___ RECORD EXTRACTS ___
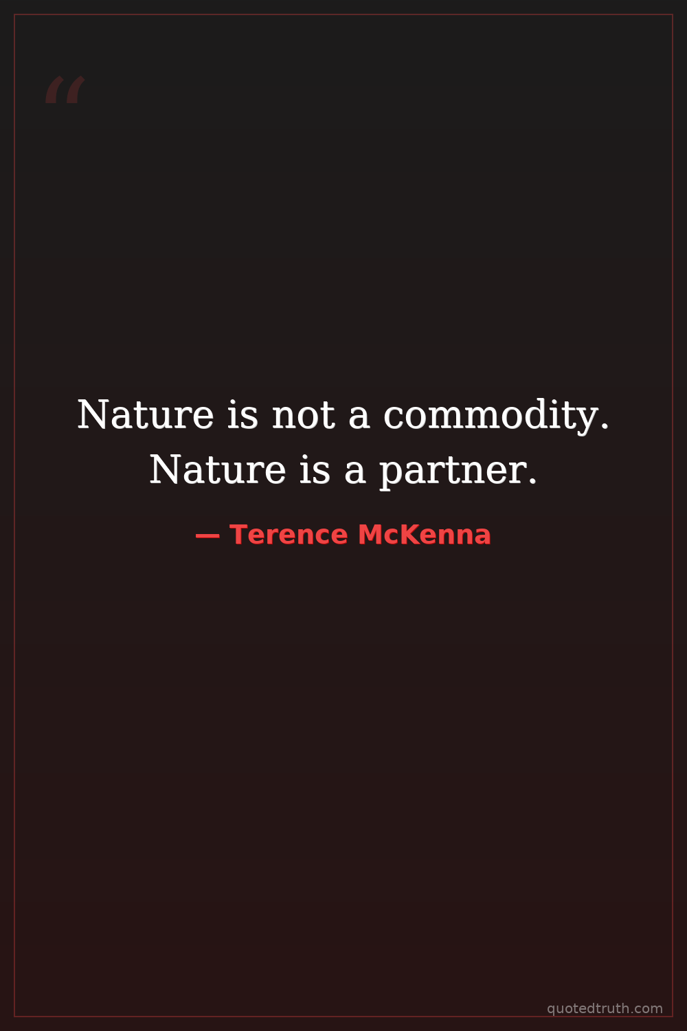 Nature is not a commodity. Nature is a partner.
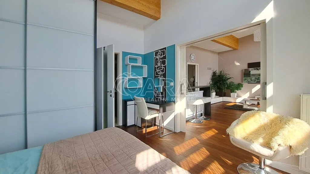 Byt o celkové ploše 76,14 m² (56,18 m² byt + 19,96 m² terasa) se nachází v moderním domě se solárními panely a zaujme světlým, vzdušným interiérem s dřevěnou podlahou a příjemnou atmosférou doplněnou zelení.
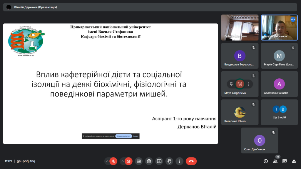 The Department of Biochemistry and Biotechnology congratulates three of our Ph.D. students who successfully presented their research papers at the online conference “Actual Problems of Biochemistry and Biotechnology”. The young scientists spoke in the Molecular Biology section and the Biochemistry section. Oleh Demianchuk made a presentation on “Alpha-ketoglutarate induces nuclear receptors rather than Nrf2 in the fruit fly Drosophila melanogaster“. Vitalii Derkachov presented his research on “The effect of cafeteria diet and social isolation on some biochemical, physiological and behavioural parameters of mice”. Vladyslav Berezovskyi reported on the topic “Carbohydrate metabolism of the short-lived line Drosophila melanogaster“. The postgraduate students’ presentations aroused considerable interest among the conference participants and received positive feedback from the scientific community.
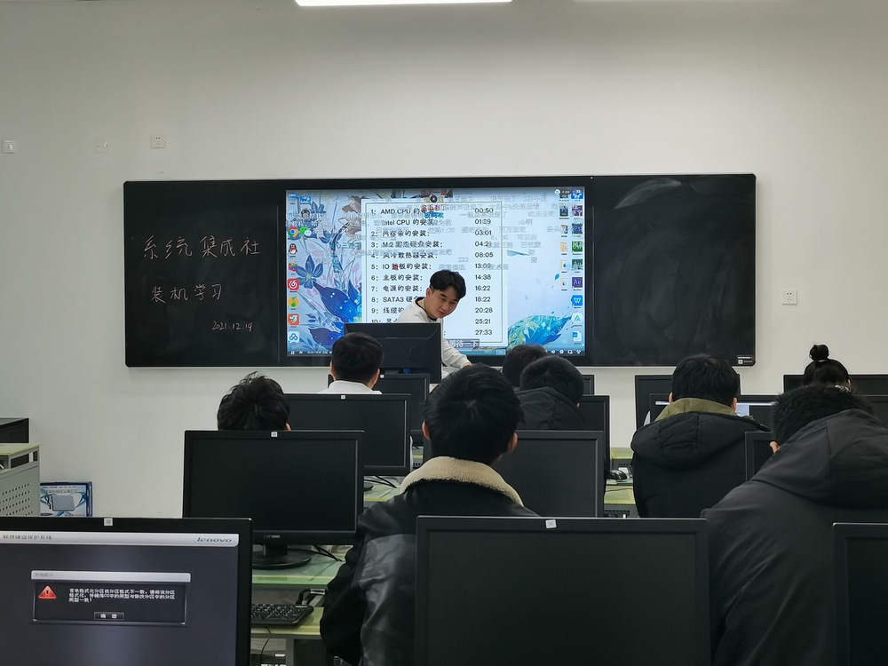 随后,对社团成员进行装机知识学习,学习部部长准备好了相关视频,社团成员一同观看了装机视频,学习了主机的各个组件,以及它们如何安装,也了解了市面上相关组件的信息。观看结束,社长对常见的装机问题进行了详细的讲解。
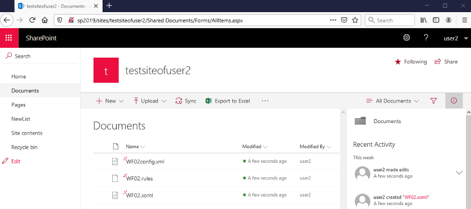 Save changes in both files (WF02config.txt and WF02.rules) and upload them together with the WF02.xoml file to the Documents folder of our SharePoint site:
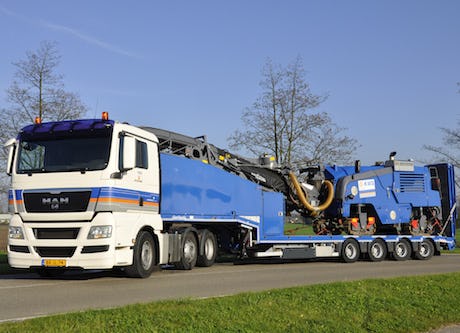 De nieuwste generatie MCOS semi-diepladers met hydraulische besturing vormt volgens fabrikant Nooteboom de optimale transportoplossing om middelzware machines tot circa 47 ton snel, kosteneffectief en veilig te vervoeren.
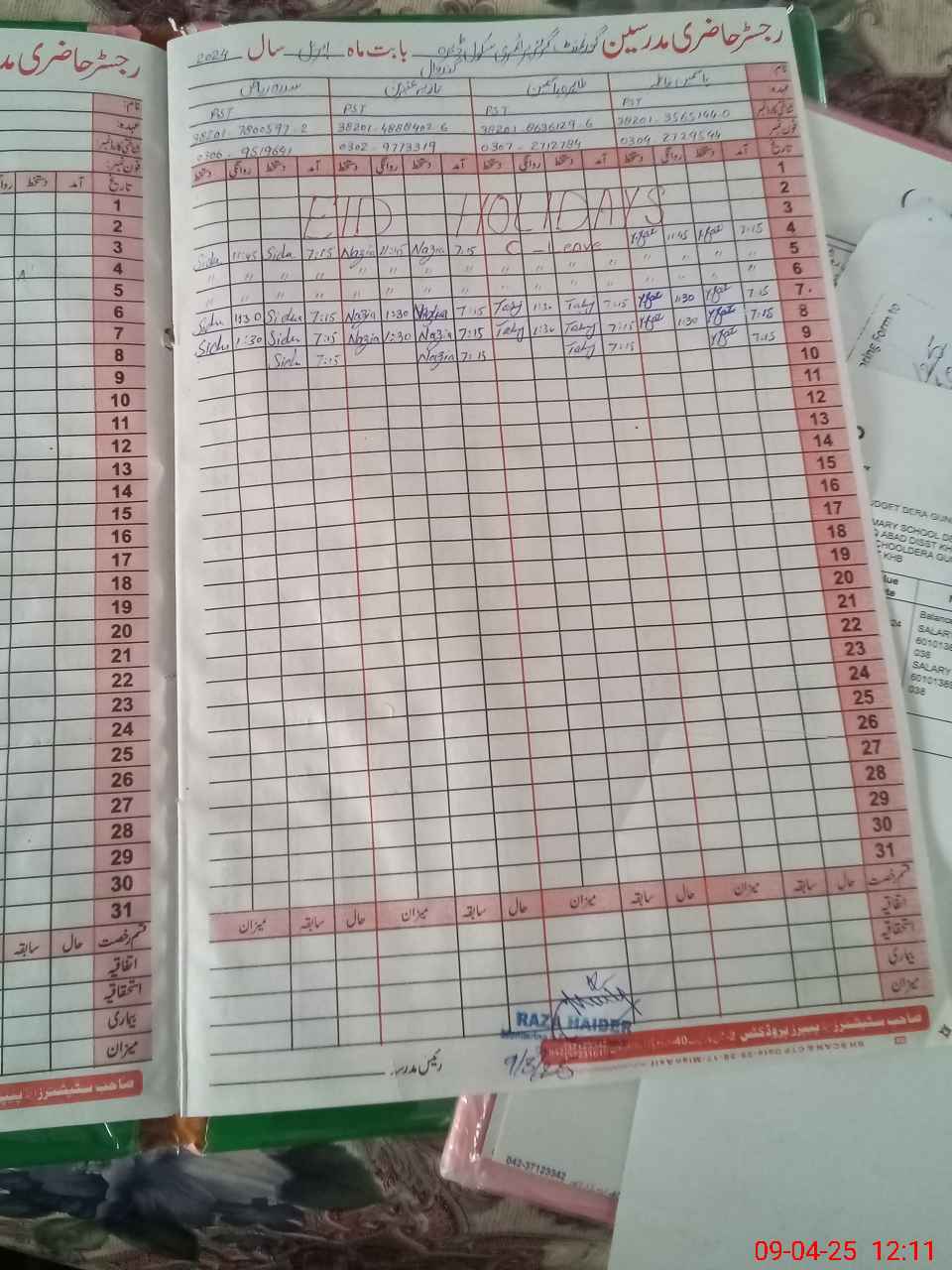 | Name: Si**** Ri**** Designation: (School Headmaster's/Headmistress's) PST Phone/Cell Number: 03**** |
___
Would you write out all of the records exactly, omitting the pictures?

 Nature is not a commodity. Nature is a partner.
 Byt o celkové ploše 76,14 m² (56,18 m² byt + 19,96 m² terasa) se nachází v moderním domě se solárními panely a zaujme světlým, vzdušným interiérem s dřevěnou podlahou a příjemnou atmosférou doplněnou zelení.
 The Department of Biochemistry and Biotechnology congratulates three of our Ph.D. students who successfully presented their research papers at the online conference “Actual Problems of Biochemistry and Biotechnology”. The young scientists spoke in the Molecular Biology section and the Biochemistry section. Oleh Demianchuk made a presentation on “Alpha-ketoglutarate induces nuclear receptors rather than Nrf2 in the fruit fly Drosophila melanogaster“. Vitalii Derkachov presented his research on “The effect of cafeteria diet and social isolation on some biochemical, physiological and behavioural parameters of mice”. Vladyslav Berezovskyi reported on the topic “Carbohydrate metabolism of the short-lived line Drosophila melanogaster“. The postgraduate students’ presentations aroused considerable interest among the conference participants and received positive feedback from the scientific community.
 随后,对社团成员进行装机知识学习,学习部部长准备好了相关视频,社团成员一同观看了装机视频,学习了主机的各个组件,以及它们如何安装,也了解了市面上相关组件的信息。观看结束,社长对常见的装机问题进行了详细的讲解。
 Save changes in both files (WF02config.txt and WF02.rules) and upload them together with the WF02.xoml file to the Documents folder of our SharePoint site:
 De nieuwste generatie MCOS semi-diepladers met hydraulische besturing vormt volgens fabrikant Nooteboom de optimale transportoplossing om middelzware machines tot circa 47 ton snel, kosteneffectief en veilig te vervoeren.
 | Name: Si**** Ri**** Designation: (School Headmaster's/Headmistress's) PST Phone/Cell Number: 03**** |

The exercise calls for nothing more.